In sustaining the protest, GAO first noted that, in a “‘best-value’ procurement, the source selection authority’s function is to perform a tradeoff between price and non-price factors that is, to determine whether one quotation’s superiority under the non-price factor is worth a higher price.”  And, where price is of lower importance than non-price factors, agencies are still required to meaningfully evaluate price.  Thus, before an agency can select a higher-priced, higher technical quotation over a lower-priced, acceptable quotation, the “award decision must be supported by a rational explanation of why the higher-rated quotation is, in fact, superior, and explaining why its technical superiority warrants paying a price premium.”
GAO concluded that the Agency “fail[ed] to identify, with any specificity, or substantively discuss, the superior capabilities or features of Synergy’s quotation that would justify the payment of a price premium.” In other words, because the Agency failed to provide any substantive discussion on the merits of the awardee’s quotation and why it was the best-value in light of the higher price, the Agency’s decision was not adequately documented and therefore was unreasonable.
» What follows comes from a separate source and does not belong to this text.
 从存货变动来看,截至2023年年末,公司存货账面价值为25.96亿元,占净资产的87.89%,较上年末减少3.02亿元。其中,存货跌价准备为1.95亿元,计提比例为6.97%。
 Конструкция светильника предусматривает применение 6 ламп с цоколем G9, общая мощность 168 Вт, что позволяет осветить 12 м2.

And, as GAO noted, because the protester offered the lower price, it could have been deemed “best value” on that basis. 
This decision provides a great reminder on an agency’s obligation to adequately document its tradeoff analysis. In order to select a higher-priced offer where the technical approaches were evaluated equally (at least from an adjectival standpoint), an agency must still explain why the higher-priced offeror provides the best value (i.e., through a qualitative and comparative assessment). Without more, GAO will likely find that the decision was not adequately documented and unreasonable.
 The two-phased approach included a down-select after phase 1, which was intended to minimize costs for vendors with little or no chance of receiving an award. The Agency planned to only invite three vendors to participate in phase 2.
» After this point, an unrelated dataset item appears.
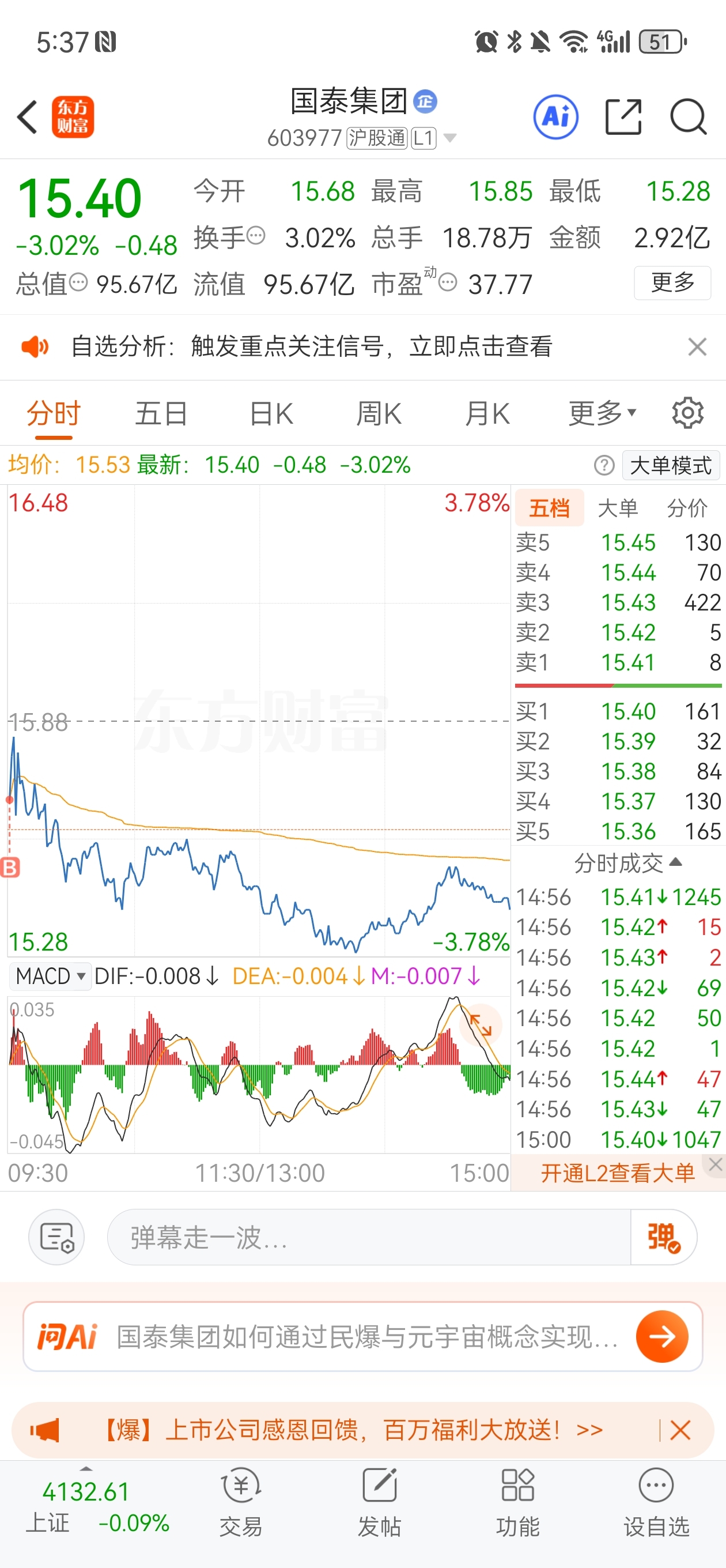 $国泰集团(SH603977)$ 业绩预增,看来早盘买套还算好。就看主力认不认可航天发动机题材!!!

 The protester and the awardee scored the same under the non-price factors: past performance – substantial confidence; technical approach – high confidence; and oral presentation – some confidence. That said, and as GAO explained in the decision, “ratings, whether numerical, color, or adjectival, are merely guides for intelligent decisionmaking.” One Largo Metro LLC, et al., B-404896 et al., June 20, 2011, 2011 CPD ¶ 128 at 14.
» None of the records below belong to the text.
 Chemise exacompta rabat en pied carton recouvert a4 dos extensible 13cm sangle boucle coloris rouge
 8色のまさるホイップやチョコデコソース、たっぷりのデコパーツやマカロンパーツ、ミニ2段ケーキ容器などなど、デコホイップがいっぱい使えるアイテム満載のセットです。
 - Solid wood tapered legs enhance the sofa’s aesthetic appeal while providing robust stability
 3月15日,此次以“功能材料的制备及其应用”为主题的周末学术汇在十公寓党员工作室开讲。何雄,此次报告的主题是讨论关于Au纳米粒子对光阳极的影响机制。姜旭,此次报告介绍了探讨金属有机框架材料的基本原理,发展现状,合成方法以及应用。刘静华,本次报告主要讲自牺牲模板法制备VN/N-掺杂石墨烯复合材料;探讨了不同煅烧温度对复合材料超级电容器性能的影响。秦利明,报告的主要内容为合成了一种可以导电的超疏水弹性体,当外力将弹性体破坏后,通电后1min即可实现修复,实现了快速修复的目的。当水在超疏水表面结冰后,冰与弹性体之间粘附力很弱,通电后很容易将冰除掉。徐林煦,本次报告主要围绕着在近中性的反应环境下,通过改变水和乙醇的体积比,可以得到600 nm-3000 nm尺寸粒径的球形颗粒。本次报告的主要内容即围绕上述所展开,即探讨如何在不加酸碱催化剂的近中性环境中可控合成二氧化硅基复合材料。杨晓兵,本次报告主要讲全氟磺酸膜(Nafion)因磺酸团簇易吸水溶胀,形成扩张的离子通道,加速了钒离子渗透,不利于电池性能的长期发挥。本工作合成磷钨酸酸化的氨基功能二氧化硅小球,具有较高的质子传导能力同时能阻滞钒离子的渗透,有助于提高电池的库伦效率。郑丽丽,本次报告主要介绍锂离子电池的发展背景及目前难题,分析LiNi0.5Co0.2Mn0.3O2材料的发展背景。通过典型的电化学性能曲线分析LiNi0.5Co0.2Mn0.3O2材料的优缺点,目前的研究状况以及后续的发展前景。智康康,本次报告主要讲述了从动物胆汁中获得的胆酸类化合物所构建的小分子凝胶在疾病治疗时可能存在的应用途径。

 A portion of the Agency’s award memorandum also includes:
- The evaluation team discussed the overall value to the USDA for the trade-off and clearly demonstrated the value of the trade-off with the following statement. “The evaluation team recommends award to Synergy priced $586,211.58 higher than the next lowest price submitted by Alpha Omega Integration, LLC. The additional cost provides incredible value to the Government based on Synergy’s demonstration of technical expertise and comprehensive approach to addressing both current and future challenges for EAS. Synergy has demonstrated unique innovative processes as well as their ability to take ownership of these processes through their past performance package as well as through their technical approach.”
 Coastal Env’ts, Inc., B-401889, Dec. 18, 2009, 2009, CPD ¶ 261 at 4.
 e-LYNXX Corp., B-292761, Dec. 3, 2003, 2003 CPD ¶ 219 at 7.
 System Eng’g Int’l, Inc., B-402754, Jul. 20, 2010, 2010 CPD ¶ 167 at 5.